Tuesday, October 02, 2018 1:01:28 PM
CBA09 posts:
Posts#457584
"CBA09
Wednesday, 08/03/16 01:11:28 PM
Re: BBANBOB post# 457551
0
Post # of 539974
Bob,
May be, just may be, the addressed assets in court were those within a "SPE". If designed via a specific manner those so called "hidden assets" would be protected from bankruptcy as follows:
The structured solution to the bankruptcy, true sale, and debt-for-tax issues varies by venue. For example, if a U.S. bank wants to securitize receivables, the structure requires two SPEs to avoid a federally taxable asset sale and to achieve off-balance-sheet financing and a bankruptcy remote structure.
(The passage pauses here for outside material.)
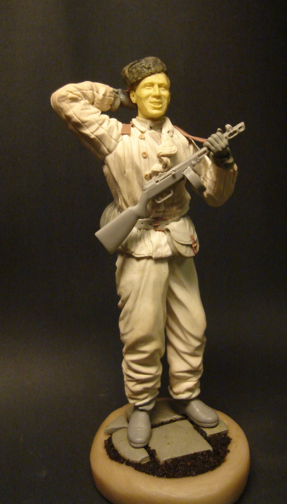 Отмечусь и я. Осенний отпуск как нельзя кстати совпал с творческим порывом. В результате получился вот такой персонаж, лично у меня возникло такое названий: "Василий Тёркин в Берлине" Масштаб 1/16, лепил из Фимо-софт, эпоксилина. Голова - 5,45, ППШ от Тамии, как и сапоги - ну не получается у меня обувь(((

In the U.S. SPEs are usually organized as trusts (for tax reasons) under the laws of the state of Delaware or of New York. The first SPE is a wholly owned, bankruptcy remote subsidiary of the originator/seller, and the SPE buys the assets in a true sale. The assets are now beyond the reach both of the creditors of the originator/seller and the originator/seller. Wholly owned subsidiaries are consolidated with the originator/seller for U.S. federal tax purposes, so this achieves the debt-for-tax objective. The second SPE is the issuer of the debt (or ABS) and is entirely independent of the originator/seller. It is a bankruptcy remote entity."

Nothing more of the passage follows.